Don‘t know what sparked my interest in rats.
May have been reading James Herbert’s The Rats as a teenager. Or more likely the joy when I got my first Stranglers album ‘Rattus Norvegicus’ with its haunting final track Down in The Sewer. When I say album I’m giving away my age in this area where even cds have been replaced by instant downloads.
However I was saddened to hear that nine hundred thousand pounds will be spent, that’s nearly £1 million to you and me, on a project to wipe out black rats from the Hebridean Shiant Islands off the coast of Lewis. The rats are non-native to the islands and it is believed they came ashore from shipwrecks in the 1900s. So actually they have been on the islands for around one hundred years.

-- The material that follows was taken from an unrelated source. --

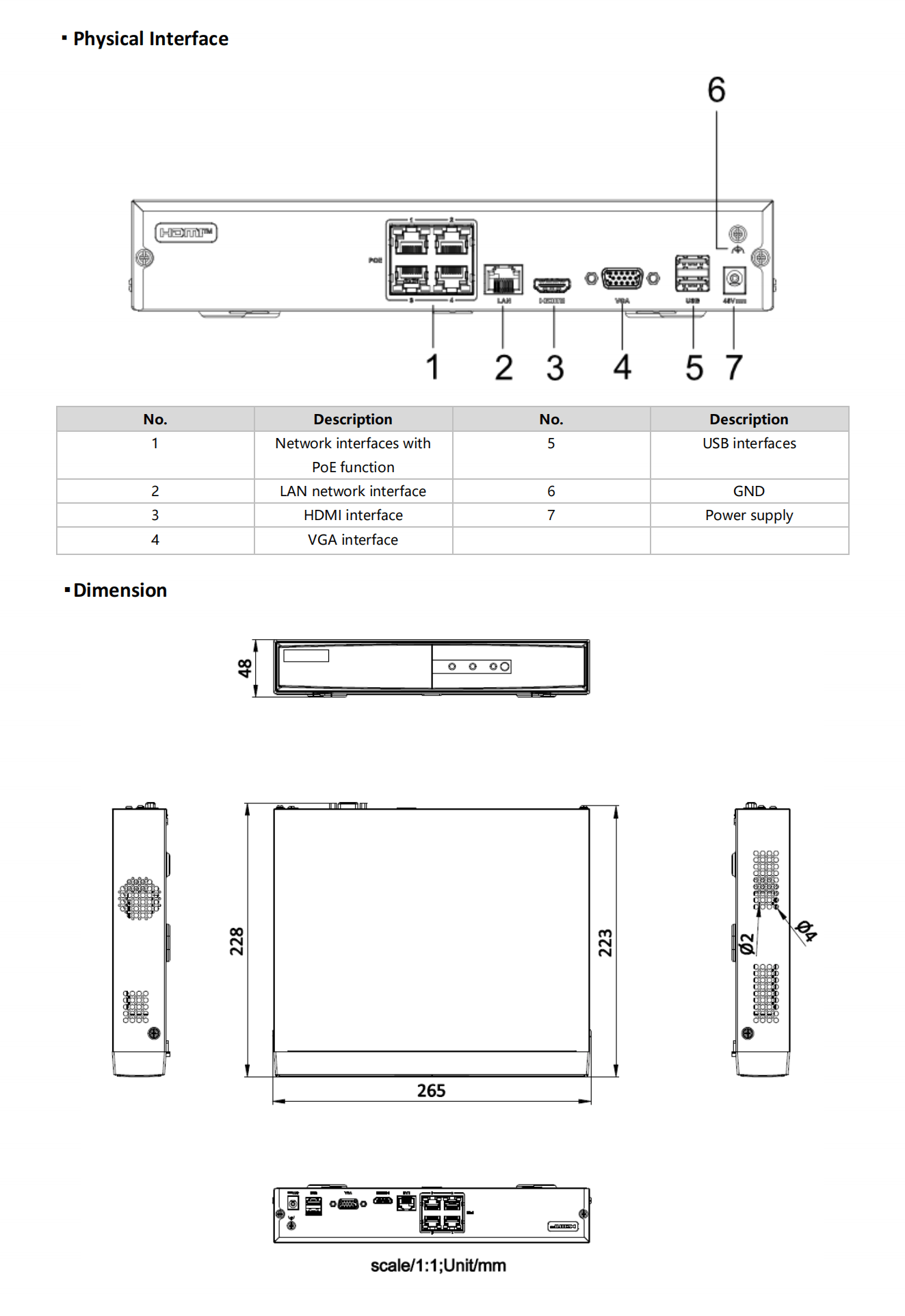 ■ Đầu ghi DS-7104NI-Q1/4P/M: 4 (4P) cổng PoE chuẩn 802.3af/at, tổng công suất nguồn PoE đến 36W (4P) và sử dụng nguồn cấp 48VDC.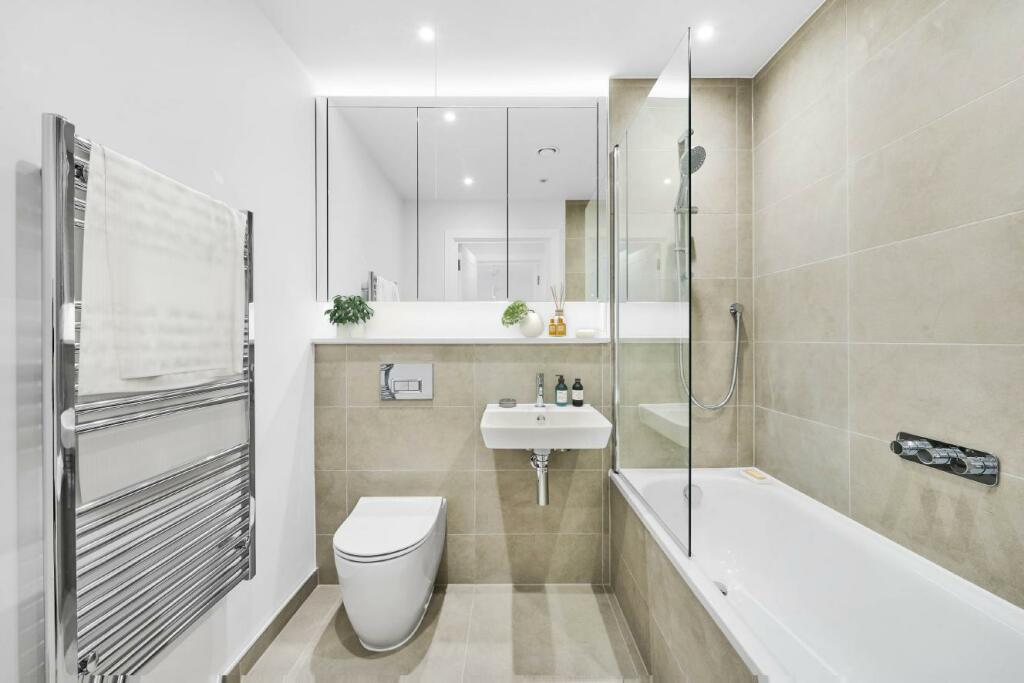 This one-bedroom, one-bathroom apartment in Bermondsey, South East London, is presented as a modern, newly built property in seemingly excellent condition. The images showcase a contemporary design with a neutral color palette, featuring a well-appointed kitchen, bathroom, and open-plan living area. The inclusion of a balcony, however small, offers some outdoor space. The location is advantageous with multiple transport links within a reasonable distance. There are several well-rated schools within easy reach, making this property appealing to families. However, the lack of significant outdoor space and relatively small square footage might be a drawback for some buyers. The listing price seems relatively in line with other comparable properties in the area, although a lack of precise square footage data for comparison makes it difficult to conclusively assess value. The property’s condition, location, and current market trends, all support a positive appraisal. The absence of substantial land and the relatively small size for the price are the main factors that might reduce the overall attractiveness for certain buyers, although it’s clearly a well presented and desirable property overall.

Getting rid of the rats sounds a bit of a neutral term, actually what will happen is the rats will be poisoned and therefore suffer a pretty gruesome death.
As an animal welfare organisation OneKind believes that culling wild animals because their behaviour is inconvenient or causing a nuisance is a vastly disproportionate response and we would urge the project managers to consider non-lethal and humane management techniques as an alternative to the proposed cull.
It’s not as if we haven’t been here before. Last October it was reported that thousands of rabbits on the Island of Canna were to be culled. Why had they become a ‘problem’? Because in previous years six hundred thousand pounds had been spent getting rid of rats. As a result of killing rats, rabbit numbers increased and the proposed solution was more killing again, and spending yet more money in the process.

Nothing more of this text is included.